Abraham asintió con la cabeza.

Cuando tenía un problema, una deuda pendiente, un socio que le engañaba, un capataz que le hacía la vida imposible en el taller, Bienvenido recorría a la calle del Olvido. Se convenció a sí mismo diciendo que aquello no era un asesinato. No puedes matar a alguien que nunca ha nacido. No había dolor, ni sangre ni ninguna familia que llorara una pérdida. El único rastro que habían dejado en el mundo quedaba en los recuerdos de un hombre que estaba dispuesto a no hablar jamás de ello. Hasta ahora.

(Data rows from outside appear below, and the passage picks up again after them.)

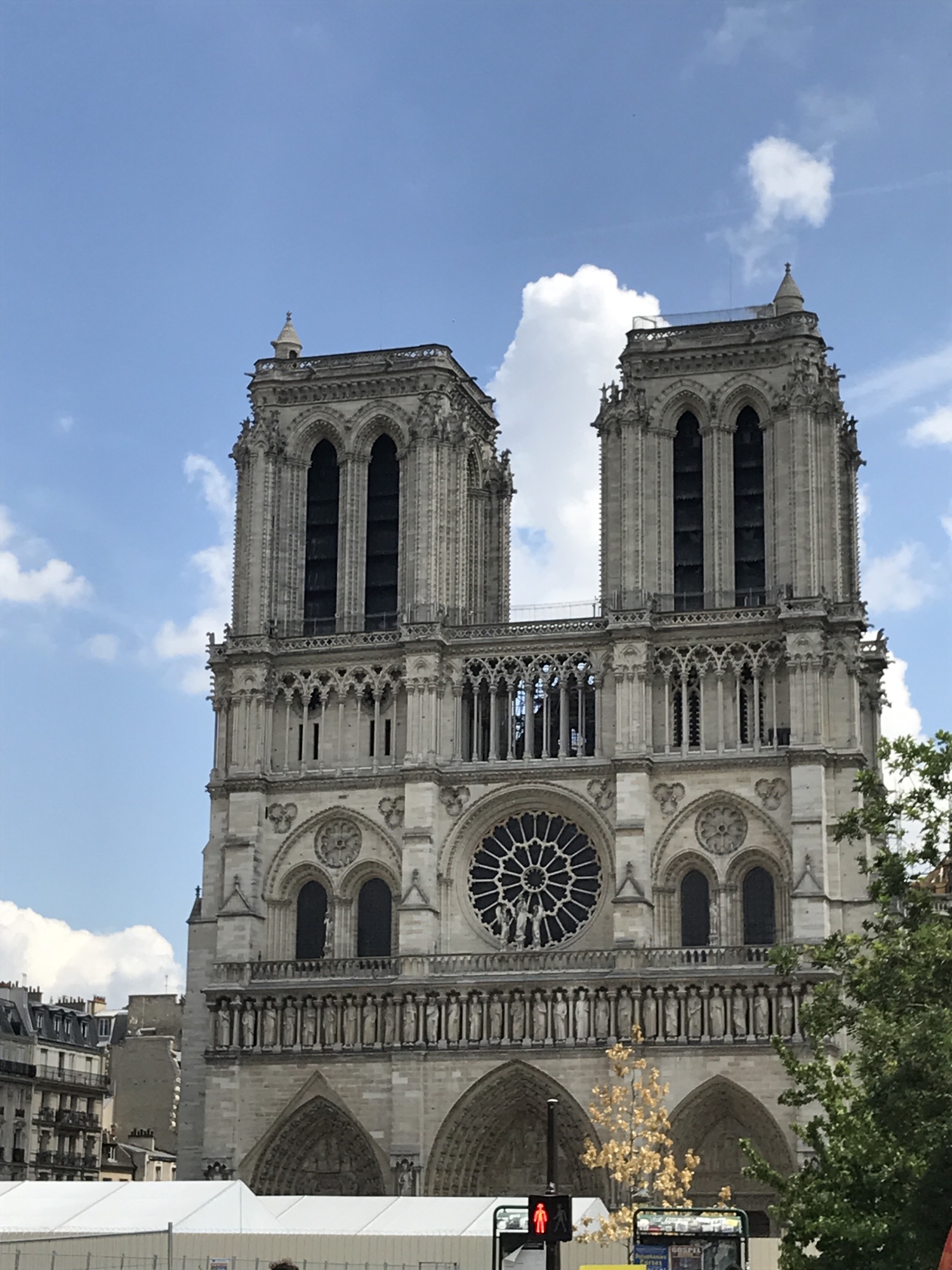 So ist erstmal nicht viel zu sehen (glücklicherweise). Man sieht allerdings, daß Notre Dame komplett hintendran eingerüstet ist. Der komplette Platz ist ebenfalls gesperrt.
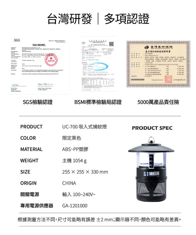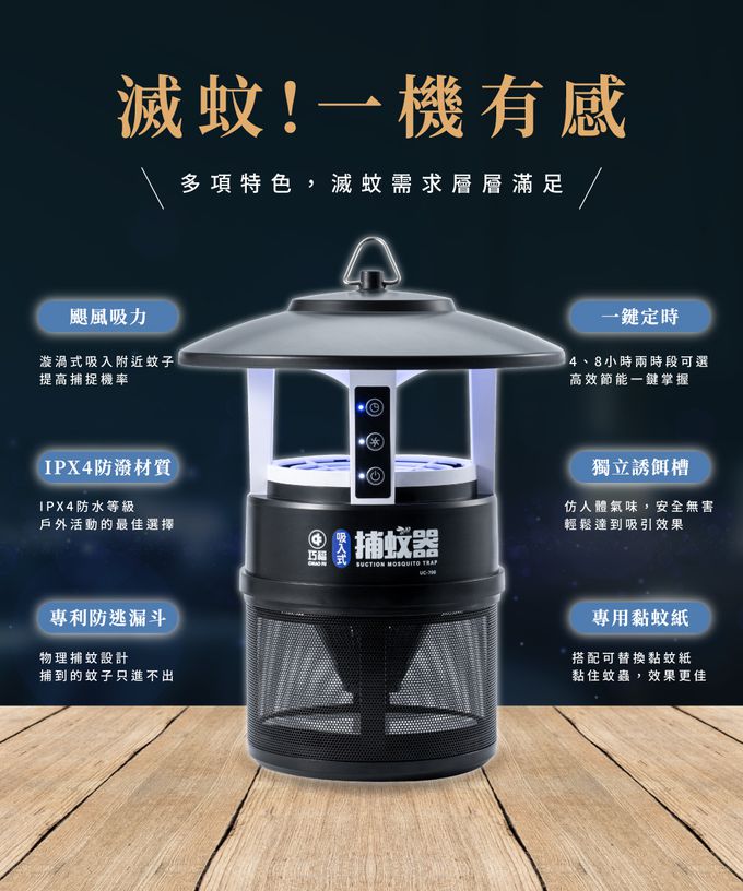品名:吸入式捕蚊器/捕蚊燈/滅蚊燈 UC-700 (IPX4防潑水/無腳架/首創誘餌+黏蚊紙/LED
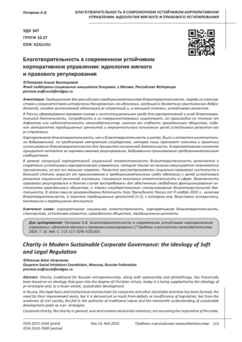 3. 	Кузина О. Е., Чернышева М. В. Корпоративная благотворительность и ответственность: обоснование понятий// Мониторинг общественного мнения: Экономические и социальные перемены. 2015. № 4. С. 154-165. EDN: UTDPIO
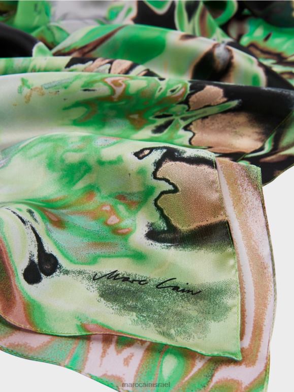שָׁחוֹר Marc Cain צעיף משי עדין בעיצוב פרחוני אבזר 62FRR1663
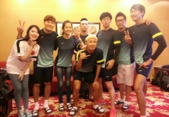 In the photo, the 'Running man' members Yoo Jae-Suk, Ji Suk-Jin, Lee Kwang-Soo, Kim Jong-Guk, Song Ji-Hyo, HaHa, Gary, and f(x) member Sulli are posing friendly.
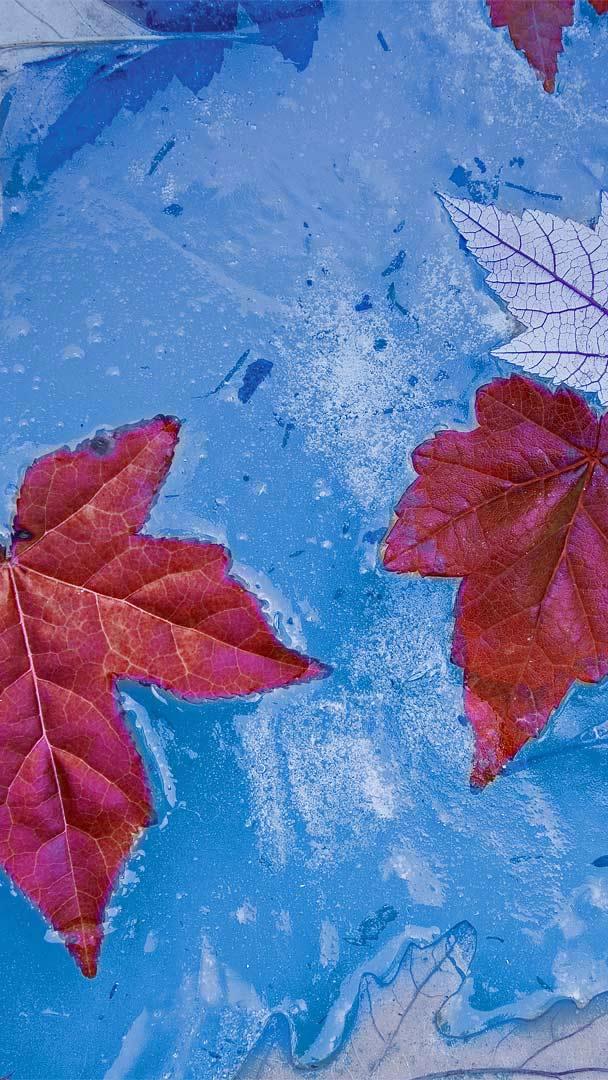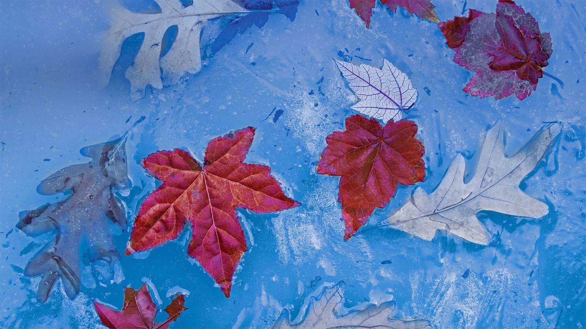 Sometimes the transition from fall to winter is an abrupt one—as demonstrated by these pristine, colorful leaves seemingly frozen in time. The cold might convince you we"re enjoying a customary leaf-peeping tour of frigid New England—but we"re hundreds of miles farther south.
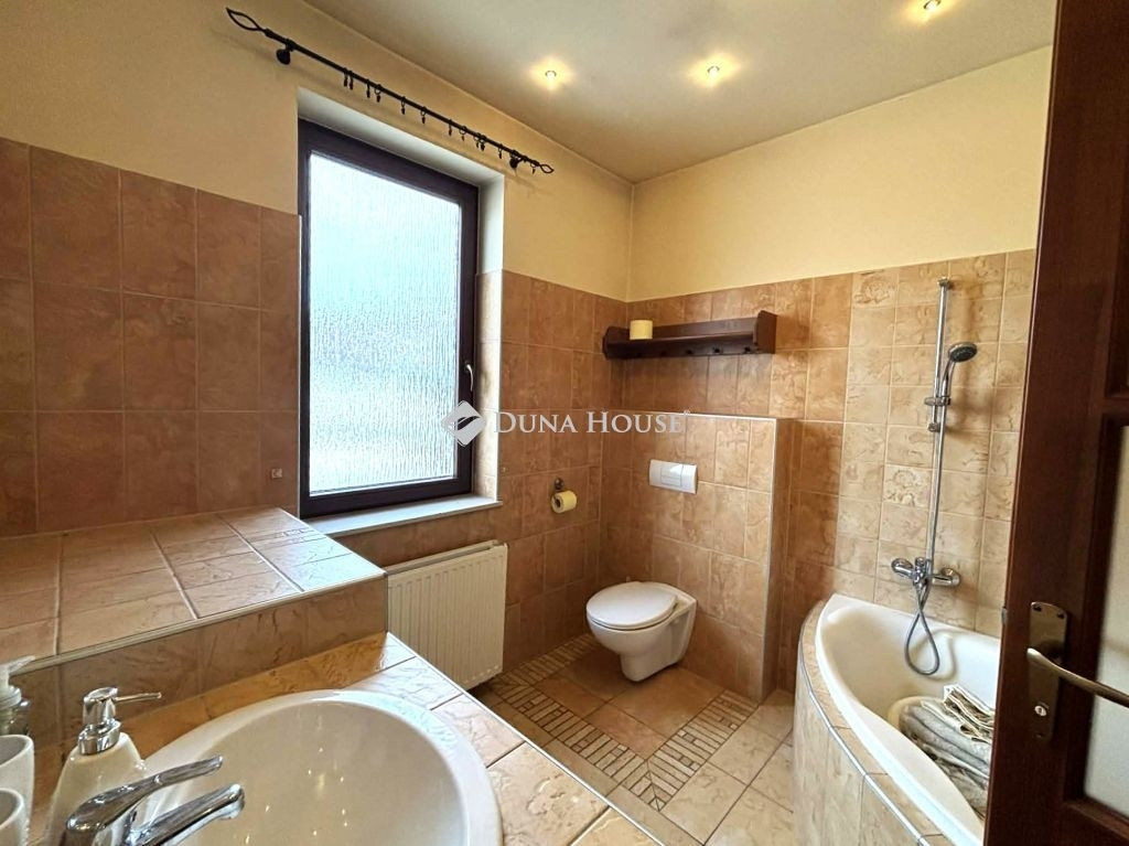 Minőségi kivitelezés, ízléses dizájn jellemzi a tágas terekkel ellátott ingatlant. Az alsó szinten előszoba- ahonnan a pincelejáró nyílik, valamint egy vendég WC illetve a nappali, konyha, étkező 55 négyzetméteren helyezkedik el, ahonnan nyílik 3 szoba, melyből egy jelenleg gardróbként funkcionál, valamint egy fürdőszoba. A kényelmes, prémium lépcsőn jutunk fel az emeletre, ahol egy társalgó valamint egy szülői háló- gardrób- fürdőszoba(nincs befejezve) kapott helyet. Praktikusan a szülői hálóhoz kapcsolódik egy 7 négyzetméteres erkély is.
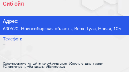 Сиб-ойл по адресу 630520, Новосибирская область, Верх-Тула, Новая, 10Б в дальнейшем Организация, размещена в следующих категориях:
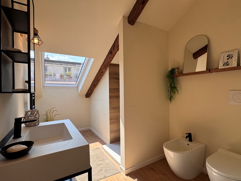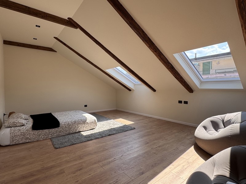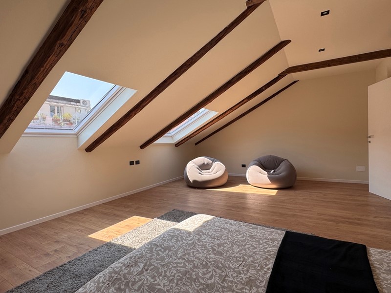In stabile signorile appena rivisto completamente nelle parti comuni appartamento di ampia metratura situato a due passi dal suggestivo fiume Dora e a 10 minuti "a piedi" dal Quadrilatero Romano. Con una superficie di 180 mq, questa proprietà è stata completamente ristrutturata con materiali di alta qualità e non è mai stata abitata. L'immobile si sviluppa su due livelli, offrendo al piano terzo un ampio ingresso padronale due camere singole una con balcone, una camera doppia con balcone e doppi servizi, mentre una scala interna conduce al piano mansardato abitabile con ulteriori 2 camere di cui una doppia e un ampia zona cucina e un bagno spazioso con 2 lavabi e 2 docce. Inoltre, vi è un locale adiacente di sottotetto grezzo di 90 mq. L'appartamento è dotato di video-citofono, è completamente raffrescato e riscaldato tramite pompa di calore, con infissi in PVC a doppio vetro e pavimenti in parquet e ceramica, ogni camera con attacchi tv.
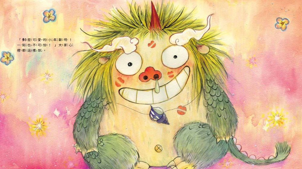 但本書將可怕的大怪獸模樣,畫成一隻被鞭炮嚇得淚眼婆娑、害羞又乖巧,看見什麼東西都往肚子吞的小怪獸,進而引起孩子對小年獸的好奇,想知道他究竟從哪裡來,是否真如大人們所說,他是一隻害怕看見紅色的怪獸呢?
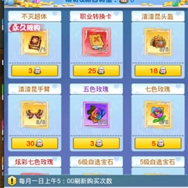 魔王森林卷轴 2张 每天买!挖矿的工具 每天买!护送公主的水晶鞋 每天买!祝福水晶 每天买! 吸怪磁铁和暴富卷轴 缺了才买!强化石和眠火石 不推荐买。铠甲宝石和三本魔邪书,那是后期的事情了。
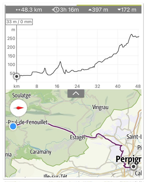 DAY 1 /1st day biking (Perpignan to St Paul de Fenoulliet): 48km, +400m elevation gain
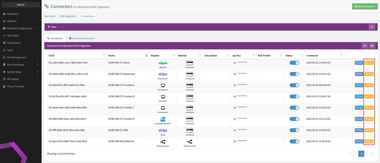 In the following section you will learn how to set up and assign individual transactional and periodic Fees on the Connector level using previously predefined Fee Entities.

—¿Por qué ahora? —preguntó Abraham.
—Ya hace demasiado que sus fantasmas me acompañan.
Miré a Abraham con cierta condescendencia.
—Me cuesta creer que un abuelo demenciado te diera esa respuesta.
—Resulta curioso que lo que no te creas de la historia sea esta frase de Bienvenido.
—No habéis podido demostrar nada.
—No. Tampoco tendría mucho sentido —Abraham esbozó una sonrisa de oreja a oreja—. ¿Piensas escribir algo sobre ello?
—Me falta un final, para rematarlo.
—Puedo decirte que le mostré el cuadro.
—¿Y lo reconoció?
Negó con la cabeza.
—Dice que se acordaría.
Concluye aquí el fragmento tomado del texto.